Data extracted from a collection:
=== Begin Enclosure ===
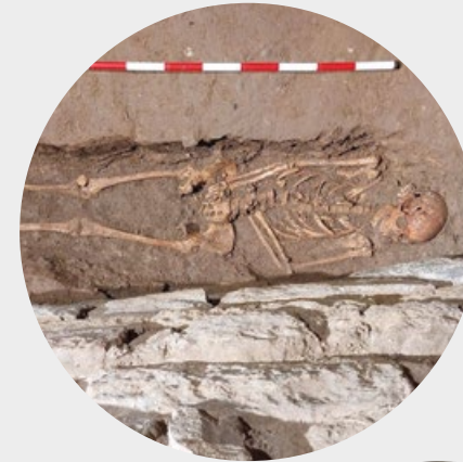
Excavacions arqueològiques a la base del campanar.

Al nivell de la volta, s'ha consolidat el paviment de pedres, ceràmica i calç existent, respectant els materials i tècniques històriques. L'accés al campanar des de la nau també s'ha millorat amb la col·locació d'una nova porta de fusta i la regularització dels paraments de l'entrada. Finalment, s'ha renovat completament la instal·lació elèctrica i d'enllumenat.
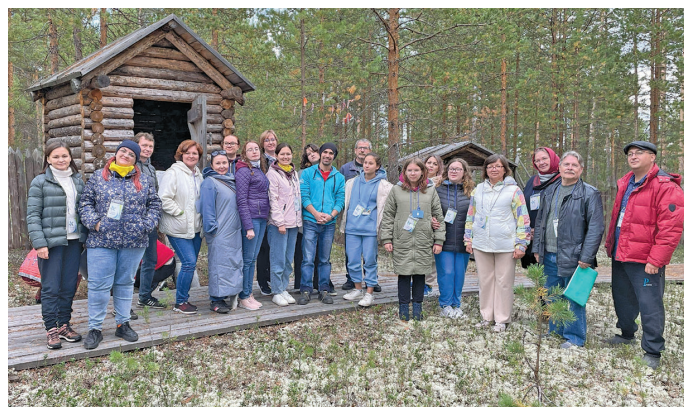
«Тумп ұс» суснэ вәрмәль

«Хөнтаң тұрыт» мән ялмув порат, тот рүпитан нэ А.Ю. Есельгендинова ты мән урыл тох потыртас: «Тыт хурум яныг тұрыт өлэгыт: Аран-Тур, Пон-Тур ос Ранге-Тур, халанылт Ах напта посал өви, тав вите Хөнтаң-ян паты. Тыт мувлахи сәв нярыт, яңкылмат, хорит өлэгыт,
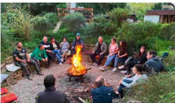
Gemeinschaft und Begegnung

2021 konnten an allen drei Standorten 49 Betroffene ( Amelith 24, Schorborn 15, Hannover 10 ) mit insg. 5504 Fachleistungsstunden ( Hannover 904, Amelith 2989, Schorborn 1611 ) in Gruppen- und Einzelkontakte betreut werden.
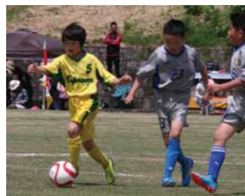
選手たちは激しい攻守で白熱の戦い。《試合結果》優勝・西仙北FC、準優勝・北秋田市レッキスサッカー少年団、3位・FC角館セレジェスタ

5月5日、第13回あきた南北ジュニア強化サッカー交流大会「さくらカップ」が玉川河川敷運動公園で開催されました。
=== End Enclosure ===
» **The problem**: Where the line containing "2021 konnten an" appears, begin writing out the lines word for word, and continue through the last line of the data, leaving out pictures.

» **Result**:
2021 konnten an allen drei Standorten 49 Betroffene ( Amelith 24, Schorborn 15, Hannover 10 ) mit insg. 5504 Fachleistungsstunden ( Hannover 904, Amelith 2989, Schorborn 1611 ) in Gruppen- und Einzelkontakte betreut werden.
選手たちは激しい攻守で白熱の戦い。《試合結果》優勝・西仙北FC、準優勝・北秋田市レッキスサッカー少年団、3位・FC角館セレジェスタ

5月5日、第13回あきた南北ジュニア強化サッカー交流大会「さくらカップ」が玉川河川敷運動公園で開催されました。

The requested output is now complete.